§ **Data to process**
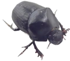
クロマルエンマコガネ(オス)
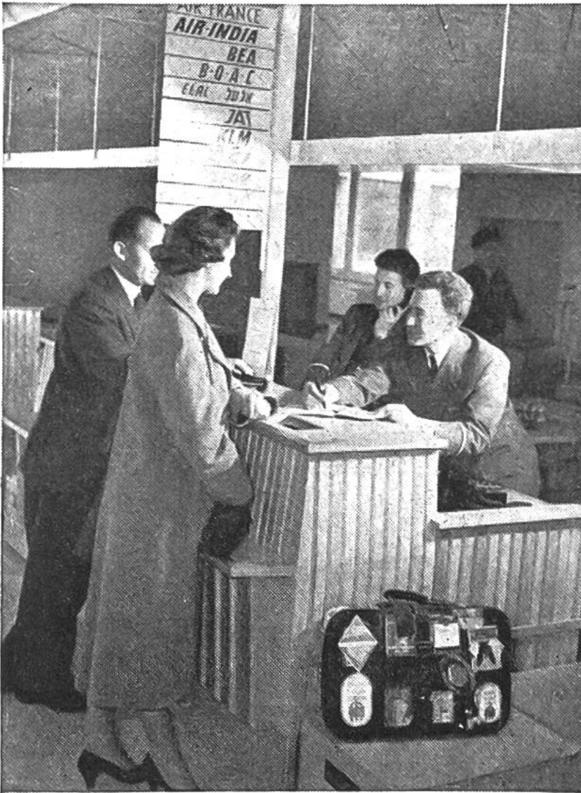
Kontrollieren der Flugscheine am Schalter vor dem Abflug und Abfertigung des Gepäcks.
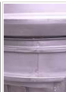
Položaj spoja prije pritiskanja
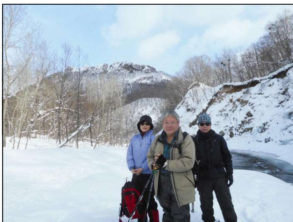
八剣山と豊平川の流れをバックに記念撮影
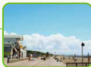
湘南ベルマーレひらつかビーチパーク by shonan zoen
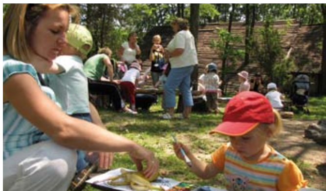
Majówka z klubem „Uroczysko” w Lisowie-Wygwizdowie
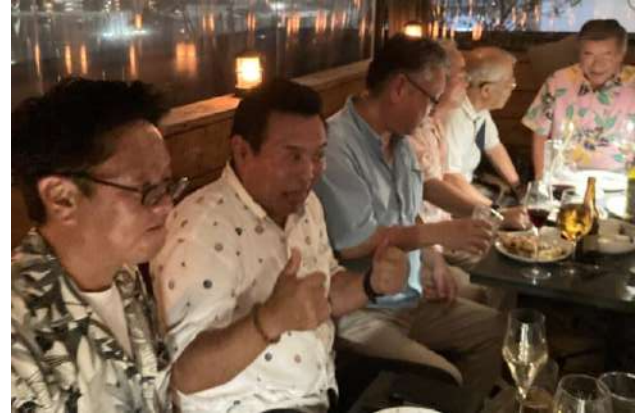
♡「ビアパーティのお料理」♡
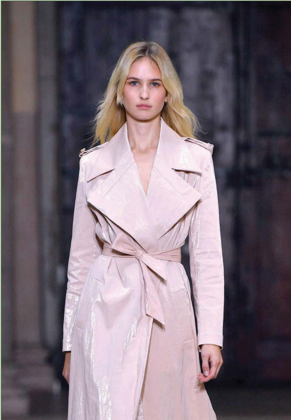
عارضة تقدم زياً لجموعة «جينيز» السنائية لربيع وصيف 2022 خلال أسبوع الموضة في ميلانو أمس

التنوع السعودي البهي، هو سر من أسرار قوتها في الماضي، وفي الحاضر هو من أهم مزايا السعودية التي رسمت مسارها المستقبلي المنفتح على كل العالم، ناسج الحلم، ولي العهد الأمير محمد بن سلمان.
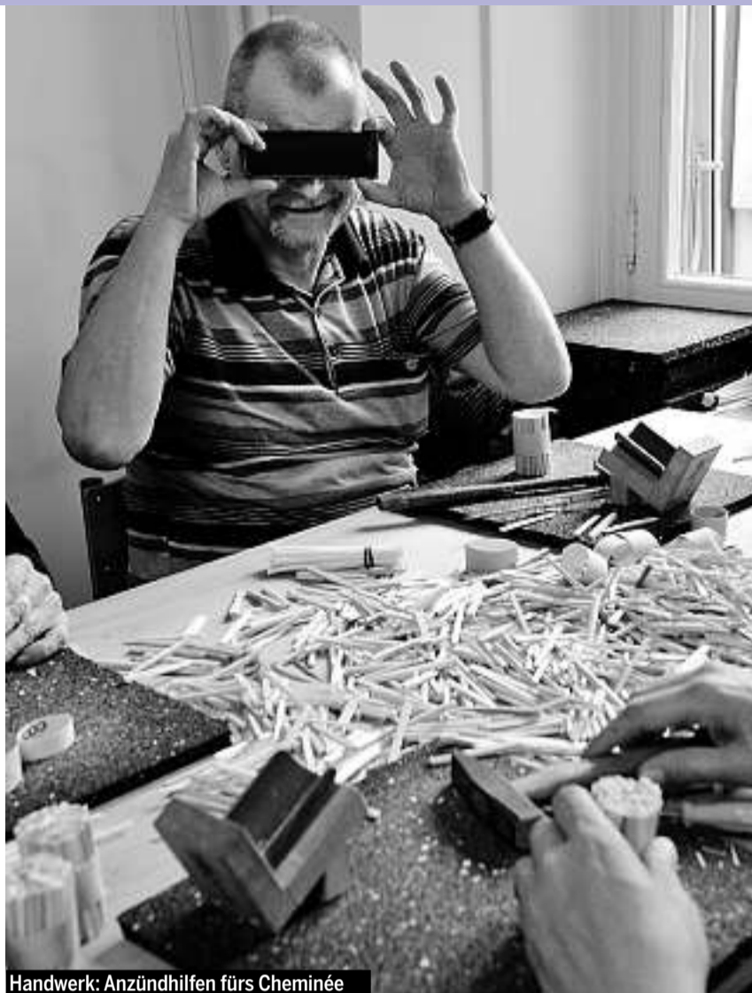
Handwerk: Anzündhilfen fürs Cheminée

§ **Problem statement**
Starting with the line that contains "八剣山と豊平川の流れをバックに記念撮影", print every remaining line of the records above, exactly as it stands. Do not print the pictures.

§ **Problem solution**
八剣山と豊平川の流れをバックに記念撮影
湘南ベルマーレひらつかビーチパーク by shonan zoen
Majówka z klubem „Uroczysko” w Lisowie-Wygwizdowie
♡「ビアパーティのお料理」♡
عارضة تقدم زياً لجموعة «جينيز» السنائية لربيع وصيف 2022 خلال أسبوع الموضة في ميلانو أمس

التنوع السعودي البهي، هو سر من أسرار قوتها في الماضي، وفي الحاضر هو من أهم مزايا السعودية التي رسمت مسارها المستقبلي المنفتح على كل العالم، ناسج الحلم، ولي العهد الأمير محمد بن سلمان.
Handwerk: Anzündhilfen fürs Cheminée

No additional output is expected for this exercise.